__Activity__: From the first line of the entries below through the line holding "Church of Saint-Clément", write out every line exactly, please, and leave out the pictures.
(Available data Opens)
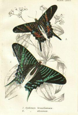 Antique lithograph Print of Cydimon sloanus (= Urania sloanus) and Cydimon brasiliensis (= Urania brasiliensis) published in 1897 for "A Handbook to the Order Lepidoptera" by W.F.Kirby (Lloyd's Natural History). Real size of printed area is 7"x 5" (18x13cm).
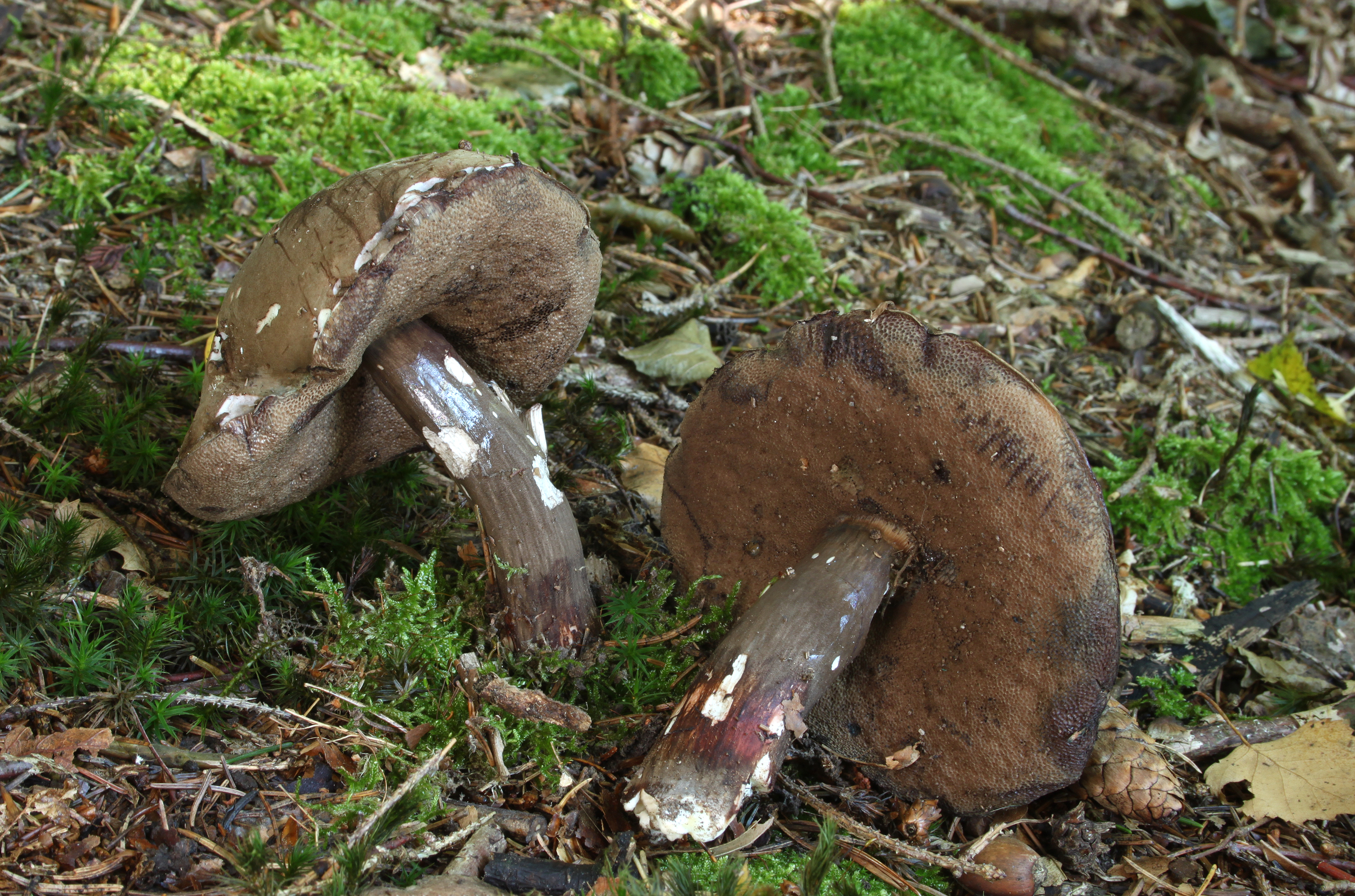 Dusky Bolete Porphyrellus porphyrosporus Syn. Porphyrellus pseudoscaber, Family: Boletaceae, Location: Germany, Biberach
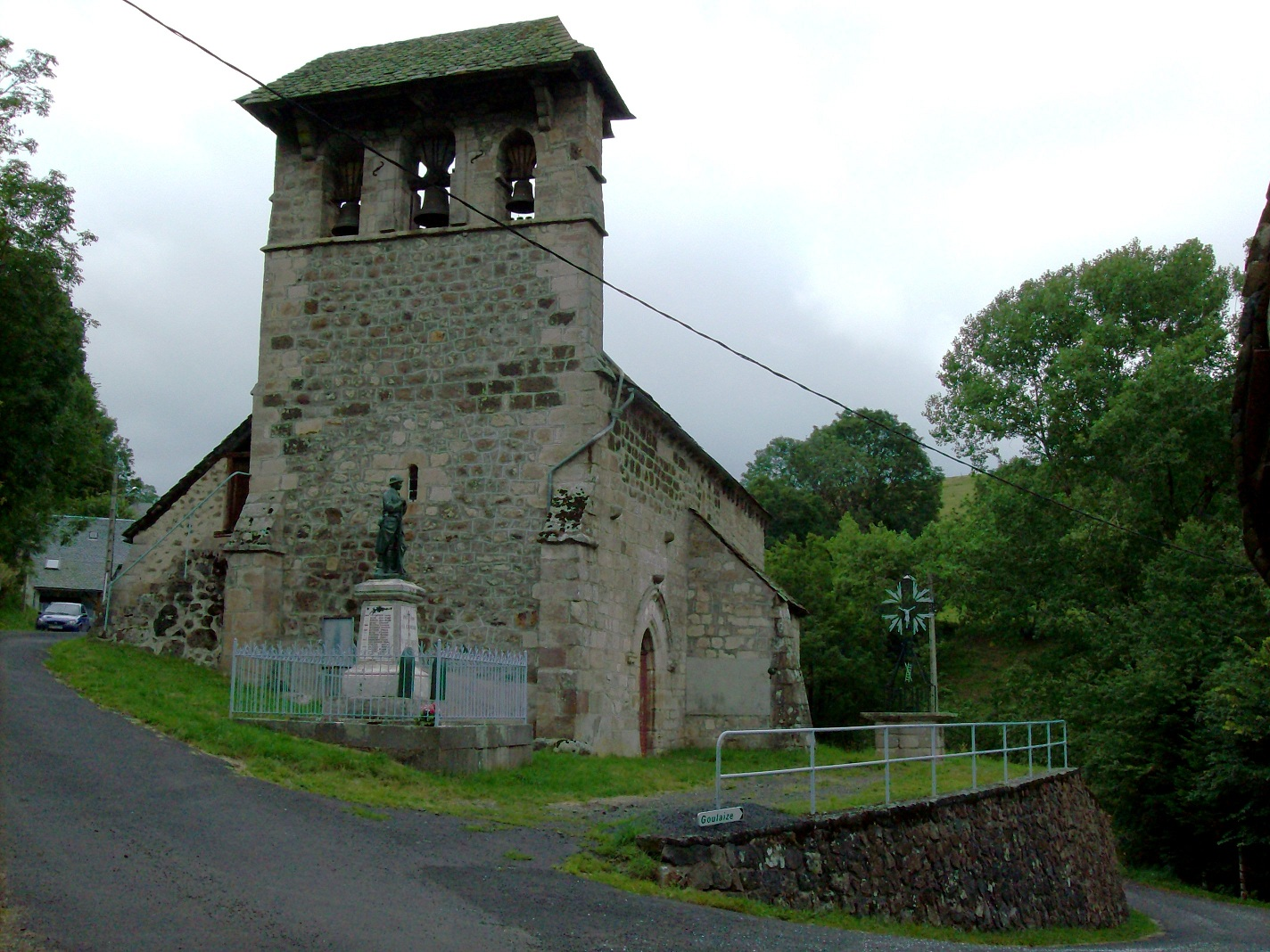 Church of Saint-Clément (Canton of Vic-sur-Cère, Département Cantal, Auvergne, France).
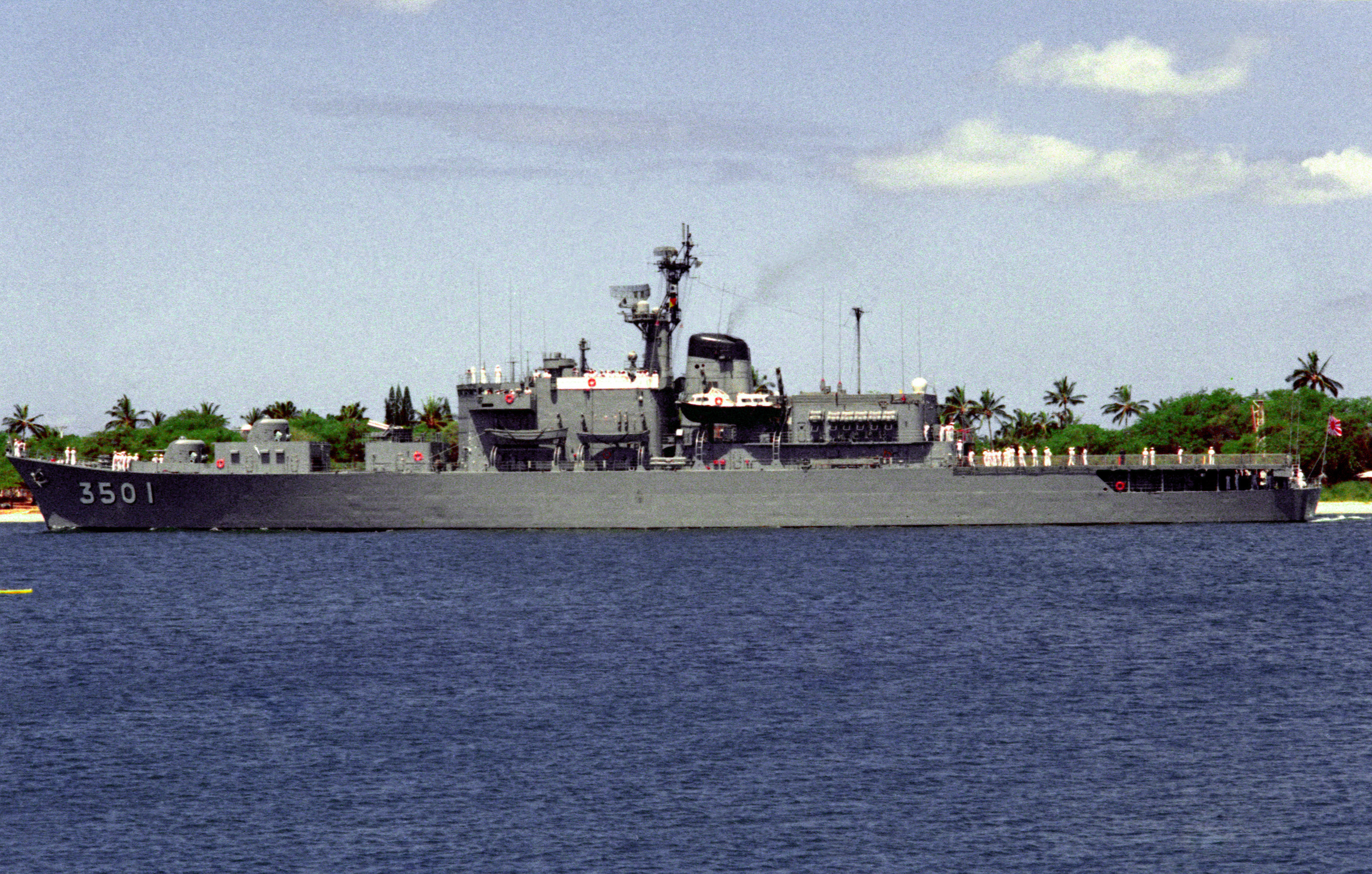 A port beam view of the Japanese Maritime Self-Defense Force training ship KATORI (TV-3501) underway in Pearl Harbor.
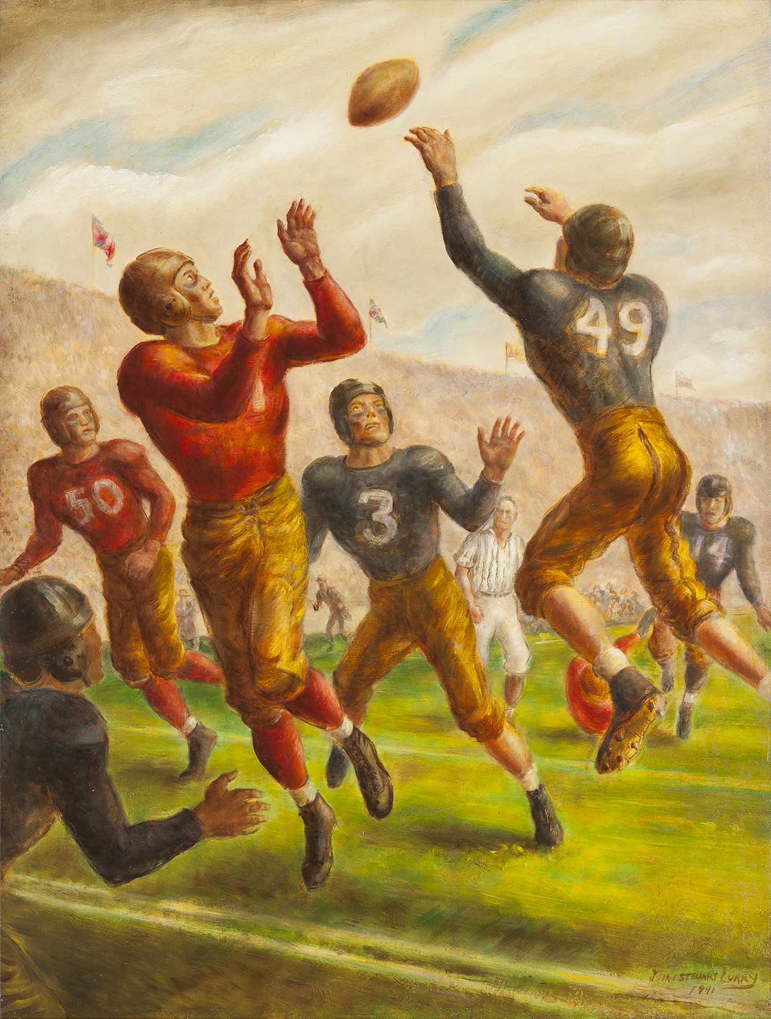 "An All-American, painting by John Steuart Curry of David N. Schreiner, an All-American end in 1942, who was killed in action on Okinawa in 1945 while serving as a lieutenant with the 6th Marines. He is shown catching a forward pass near the goal line during a football game at Camp Randall. It was originally painted for Abbott Laboratories for use in a magazine they published. Mr. Curry suggested that they present the painting to the University of Wisconsin-Madison athletic department. Schreiner's No. 80 was retired in 1945 and again in 2006 where it adorns the Camp Randall facade with 5 other football heroes." (--Wisconsin Historical Society website)
(Available data Closes)
__Answer to the problem__:
 Antique lithograph Print of Cydimon sloanus (= Urania sloanus) and Cydimon brasiliensis (= Urania brasiliensis) published in 1897 for "A Handbook to the Order Lepidoptera" by W.F.Kirby (Lloyd's Natural History). Real size of printed area is 7"x 5" (18x13cm).
 Dusky Bolete Porphyrellus porphyrosporus Syn. Porphyrellus pseudoscaber, Family: Boletaceae, Location: Germany, Biberach
 Church of Saint-Clément (Canton of Vic-sur-Cère, Département Cantal, Auvergne, France).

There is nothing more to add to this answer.